10 Reasons Why the Grinch Is Better than Santa Claus
The Grinch is such a minor holiday character. He's less than a demigod in a Christmas pantheon filled with Santa, a secret brotherhood of reindeer, a talking snowman, and who knows how many elves. It’s time to give the Grinch his due. In fact, it’s time to face the truth that Dr. Seuss created a Christmas character superior to old St. Nick. What the Grinch lacks in history, he makes up for in many other ways.
Here are the reasons why the Grinch is better than Santa Claus.
Festive fur. The Grinch takes full advantage of the traditional Christmas palette. Doesn’t anyone wonder why the jolly jiggler hasn’t worked some green into his wardrobe after all these years?
He’s local. Instead of living at the North Pole, the Grinch owns an adorably dank cave nearby, so he’s available year-round.
He’s egalitarian. None of this naughty-or-nice business. The Grinch hates (and later loves) everyone equally.
A dog with fake antlers is a better sidekick than a reindeer with an inflamed nose. Besides, a glowing nose is completely useless in a storm, despite all accounts to the contrary.
He’s far less likely to get stuck in your chimney.
Burglary is less objectionable than slavery, by which I mean stealing presents seems to be a better idea than keeping an army of elves working with only one day off per year.
At least the Grinch has the decency to feel remorse for breaking into houses.
The Grinch’s origin story is way more compelling.

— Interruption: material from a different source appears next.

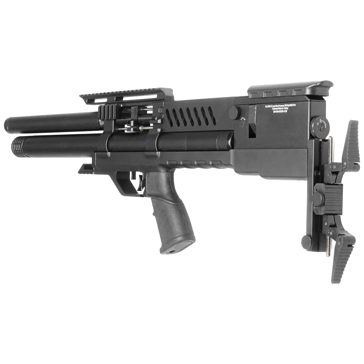 Reximex Meta, modern PCP air rifle in the version known for its offset chamber and magazine behind the trigger bullpup. By using a cradleless, obtained compact dimensions of the rifle, while maintaining the normal length of the barrel to guarantee accuracy and range, as well as the weight reduction typical of this design for better control. The air rifle is equipped with lever tensioning Side Lever, shot power regulator, adjustable in 3 planes footer, monopod and a barrel with an integrated sound suppressor. Available in calibers: .177 (4.5 mm), .22 (5.5 mm), .25 (6.35 mm).

Everyone loves a story of redemption; the prodigal Grinch, as it were. Santa doesn’t really have a character arc.
The Grinch has a much jazzier theme song.
Dr. Suess toys are infinitely more fascinating than real toys. Sure, your Xbox can play cool games, but a Wixlespotch can take you to the land of Novindips, help you find a ripe boobertyjimmit for lunch, have you home in time for tizzit, and shave your coddleydoobitermip.
I was going to propose that Jim Carrey’s Grinch was superior to Tim Allen’s Santa Claus, but it seems like both sides of that argument would be hard to support. Everybody loses on that one. So let’s leave this at ten reasons and call it a Merry Christmas.
What do you think? Which mascot of over-consumption do you think is the best?